Ik en de wereld zijn niet twee
Het is goed om te beseffen dat de wereld zoals wij die ervaren, de wereld is zoals hij zich ontvouwt in ons bewustzijn. We nemen aan dat er een objectieve wereld buiten onszelf is, en daarmee bedoel ik buiten ons bewustzijn. Maar wat onze werkelijke ervaring betreft, al wat we ooit ervaren is de wereld zoals hij zich kenbaar maakt in ons bewustzijn. We kunnen daar natuurlijk nooit buiten stappen. Je kan je alleen maar bewust zijn van datgene wat zich manifesteert in het bewustzijn.
Dus als we het beeld van de objectieve wereld even loslaten en ons richten op de wereld zoals wij die ervaren, zien we dat ieder de wereld anders ervaart. Of laat ik het beter zeggen: ieder ervaart een andere wereld. Een wereld die volledig overeenkomt met de persoon die hij is.
Een angstig persoon ervaart een wereld waarin er van alles is om bang voor te zijn. Een persoon die wantrouwt ervaart een wereld vol met dingen om te wantrouwen. Een persoon die zoekende is naar geluk ervaart een wereld waarin dat geluk lijkt te ontbreken of niet makkelijk beschikbaar lijkt te zijn. Met andere woorden, de wereld zoals die zich ontvouwt in ons bewustzijn is een reflectie van onszelf. Natuurlijk, want wij zijn als persoon deel van die wereld. Dus wij zijn ook tegelijkertijd als persoon de reflectie van de wereld die er ervaren. Wereld en wij als persoon zijn één.
Dat heeft belangrijke consequenties voor onze beoefening. Hoe vinden we de wereld van vrede? Hoe vinden we het Boeddhaland? Als we op zoek gaan, allerlei technieken proberen te hanteren, allerlei methodieken, dan ervaren we een wereld waarin Boeddhaschap op een afstand ligt, misschien voorbij de horizon.
Onze beoefening is één waarbij we volledig verzachten en ontspannen. Waarin we het zoeken laten gaan. Waarin we het verwachten laten gaan en waarin we zitten als een Boeddha. En het moment dat we werkelijk zitten als een Boeddha ervaren we het Boeddhaland. De wereld zoals we die ervaren beantwoordt meteen aan hoe we zelf zijn.

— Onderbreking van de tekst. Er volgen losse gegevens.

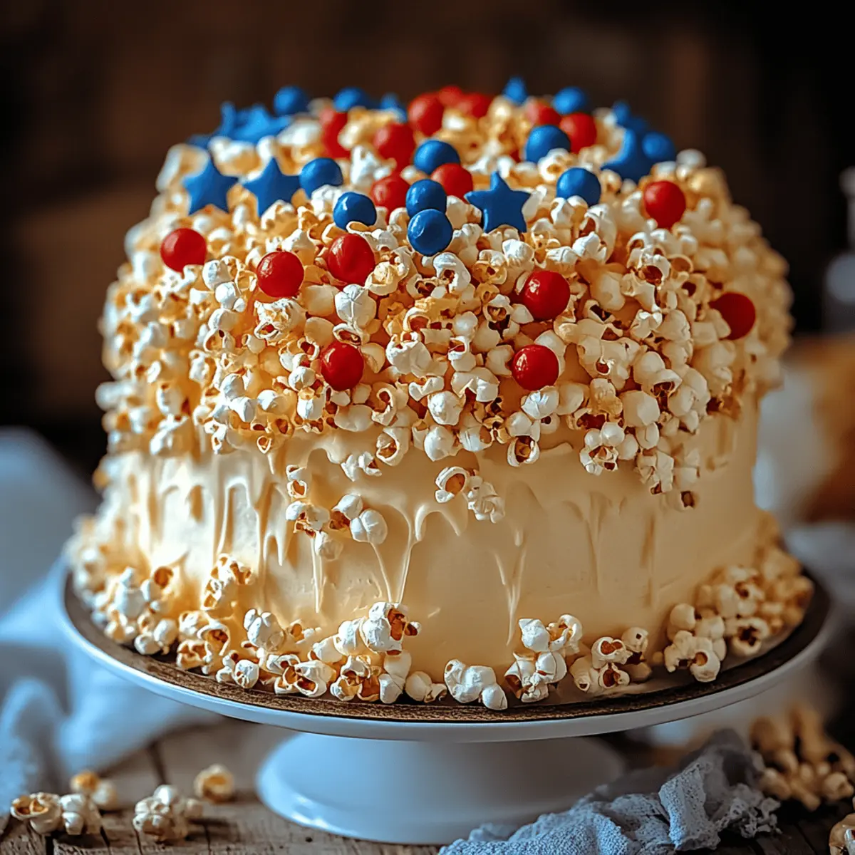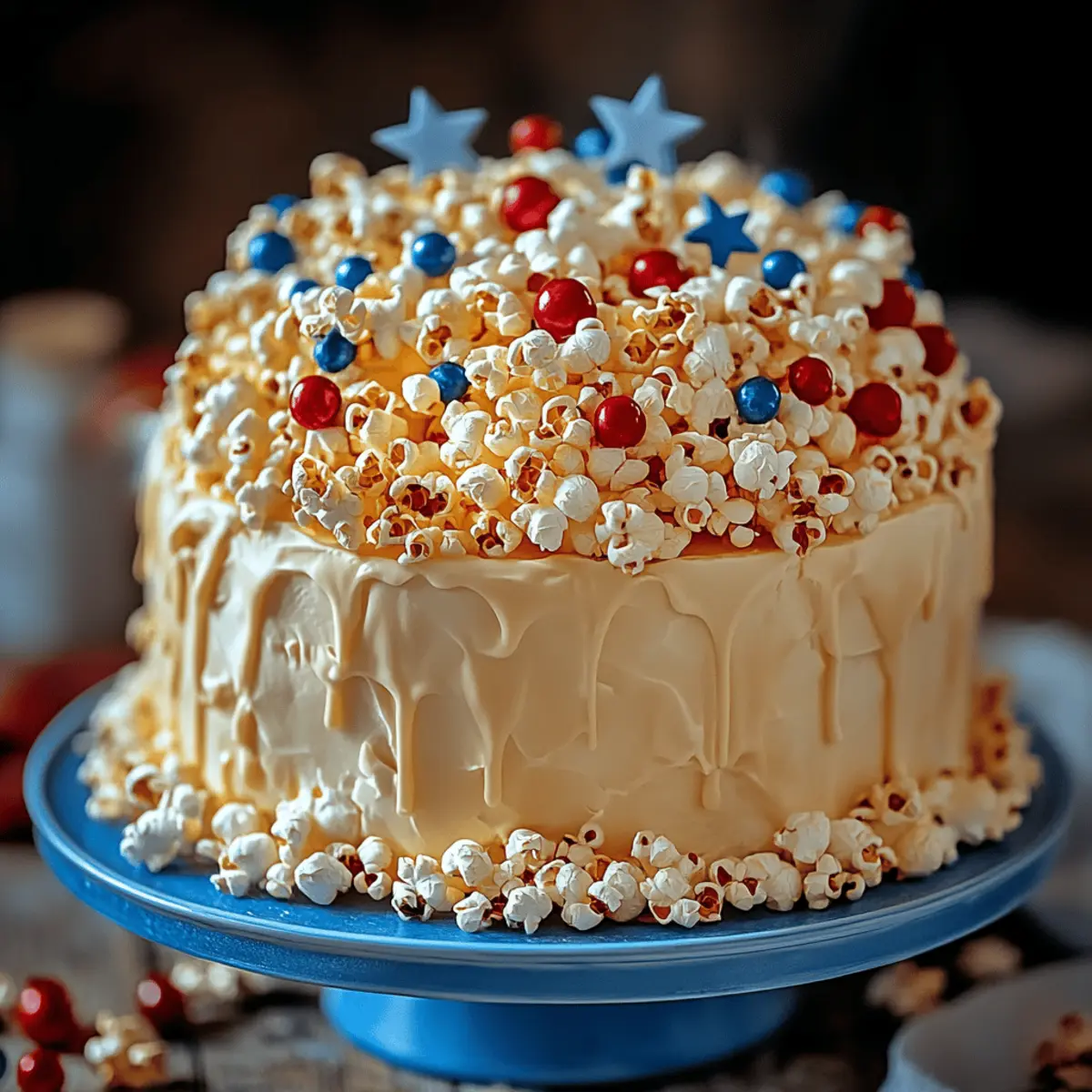 As I watched the vibrant colors of summer unfold during our neighborhood barbecue, a thought struck me: why not transform that festive spirit into a delicious dessert? Enter the Patriotic Popcorn Cake, an easy-to-make, crowd-pleasing treat that combines the satisfying crunch of air-popped popcorn with gooey, colorful marshmallow coatings. Not only does this gluten-free delight make any gathering a celebration, but its customizable color options allow you to adapt it for any occasion—think red and green for the holidays or pastel hues for spring! With every slice, you’ll not only dazzle your guests but also provide a fun and engaging way for families to bond over sweet treats. What festive occasion will you make your own version for? Why is Patriotic Popcorn Cake a Must-Make? Deliciously Fun: This treat transforms simple ingredients into a vibrant dessert that kids and adults alike will adore. Customizable Colors: You can adapt the color scheme for any holiday or celebration, making it perfect year-round. Easy to Make: With minimal steps, even novice cooks can whip this up in no time. Crowd-Pleaser: Bring it to gatherings, and watch as guests rave about its festive flair and delightful taste—your dessert will definitely be the talk of the party! Perfect for Bonding: Get the family involved in the fun of making and decorating—it’s a great way to create lasting memories together. Feel free to explore more fun ideas to complement your creation, perhaps serve alongside a refreshing fruit salad or some delicious lemonade! Patriotic Popcorn Cake Ingredients • Get ready to create a stunning dessert that reflects the colorful spirit of summer! For the Cake Base Plain Popcorn – Use air-popped for a light crunch or stovetop if you prefer a bit of butter. Butter – This rich ingredient helps bind all the flavors while giving a deliciously creamy texture. For the Marshmallow Mixtures Mini Marshmallows – The star of our cake, these create a sticky and sweet binding for our popcorn. Red & Blue Food Coloring – For that vibrant look; feel free to switch colors for different holidays. For the Drizzle and Decor White Chocolate or Candy Melts – An optional drizzle that adds extra sweetness and elegance. Patriotic Sprinkles – These festive additions make your cake pop; they’re optional but highly encouraged for a celebratory touch. Step‑by‑Step Instructions for Patriotic Popcorn Cake Step 1: Prepare Popcorn Start by popping approximately 12 cups of plain popcorn using an air popper for the lightest crunch. Once popped, make sure to sift through the popcorn to remove any unpopped kernels, ensuring a smooth texture in your Patriotic Popcorn Cake. Lay the warm popcorn in a large mixing bowl, ready to be coated in marshmallow goodness. Step 2: Melt Marshmallows In a medium-sized pot over low heat, melt 1/4 cup of butter until it begins to bubble gently. Add 10 ounces of mini marshmallows and stir continuously until the mixture turns smooth and glossy, about 5 minutes. This melted marshmallow mixture will be the glue for your colorful layers, making the Patriotic Popcorn Cake stick together beautifully. Step 3: Color Marshmallow Mixtures Once your marshmallows are melted, divide the mixture into three separate bowls. Add red food coloring to one bowl and blue to another, mixing until deeply colored. Leave the third bowl plain. This vibrant array will give your Patriotic Popcorn Cake its festive spirit. Take a moment to admire the hues before moving on! Step 4: Coat Popcorn Now, take the prepared popcorn and divide it into three equal portions. Drizzle each colored marshmallow mixture over the respective popcorn bowl and gently mix using a spatula or your hands. Take care not to crush the popcorn too much; you want it to maintain its crunch while getting beautifully coated in marshmallow fluff. Step 5: Layer in Baking Pan Line a baking pan (9×13 inches works well) with parchment paper to prevent sticking. Start layering your popcorn mixtures: first, press the red popcorn into the bottom of the pan. Next, add the plain marshmallow-coated popcorn as the middle layer. Finally, top it off with the blue popcorn, creating a visually appealing tricolor effect. Step 6: Drizzle Chocolate For an extra touch of sweetness, melt some white chocolate or candy melts according to package instructions. Once melted, drizzle it generously across the top layer of your Patriotic Popcorn Cake using a fork or spoon. Finish with a sprinkling of patriotic sprinkles for added festive flair—this will make your dessert even more visually striking! Step 7: Cool and Slice Allow the Patriotic Popcorn Cake to cool at room temperature for about an hour, giving the marshmallows a chance to set. Once fully cooled, use a sharp knife to slice it into squares or rectangles. Enjoy the delightful crunch and chewy sweetness that this fun and colorful dessert brings to your summer celebrations! What to Serve with Patriotic Popcorn Cake? Enhance your festive gathering with delicious pairings that perfectly complement this colorful dessert. Fresh Fruit Salad: A refreshing mix of seasonal fruits brings a bright, juicy contrast to the sweet popcorn cake. The natural sugars from fruits can smooth out the sweetness of the marshmallows. Lemonade: This tangy beverage is a classic summer drink that quenches thirst and balances the richness of the cake. Consider serving it chilled with fresh mint for an extra burst of flavor. Iced Tea: Whether sweetened or unsweetened, iced tea offers a refreshing backdrop that lets the flavors of the Patriotic Popcorn Cake shine. Add a slice of lemon to enhance its citrusy brightness. Vanilla Ice Cream: A scoop of creamy vanilla ice cream perfectly complements the crunchy, chewy textures of the cake. This delightful combination adds a delightful coolness to every bite. Chocolate-Covered Strawberries: These elegant treats add a gourmet touch and enhance the festive vibe. The rich chocolate pairs beau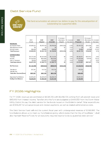 314 FY 2026 City of Southlake | Budget Book FY 2026 City of Southlake | Budget Book 315

Dus als we de wereld van vrede willen vinden, ben zelf compleet vrede. Maar houd in de gaten, je kan niet doen alsof. Die vrede zal in de diepste poriën van je lichaam en geest moeten indalen om de wereld van vrede te zien. Want om het Boeddhaland te vinden, zal je werkelijk een Boeddha moeten zijn.
Dus zit als een Boeddha. Open je hart en geest en weet dat de wereld zoals je die ziet een reflectie is van het diepste in jezelf. Denk niet dat je de wereld kunt veranderen door dan bewust jezelf te gaan veranderen. Dan zie je alleen maar een wereld die altijd veranderd en je nooit het doel bereikt waarnaar je streeft. Want een wereld waarin je streeft is een onrustige wereld, geen Boeddhaland. Nee, je zal jezelf volledig moeten loslaten. Zover openen dat je aan niets meer vasthoudt. En daar meteen is het Boeddhaland.
* * * * *
"Dus als we de wereld van vrede willen vinden, ben zelf compleet vrede."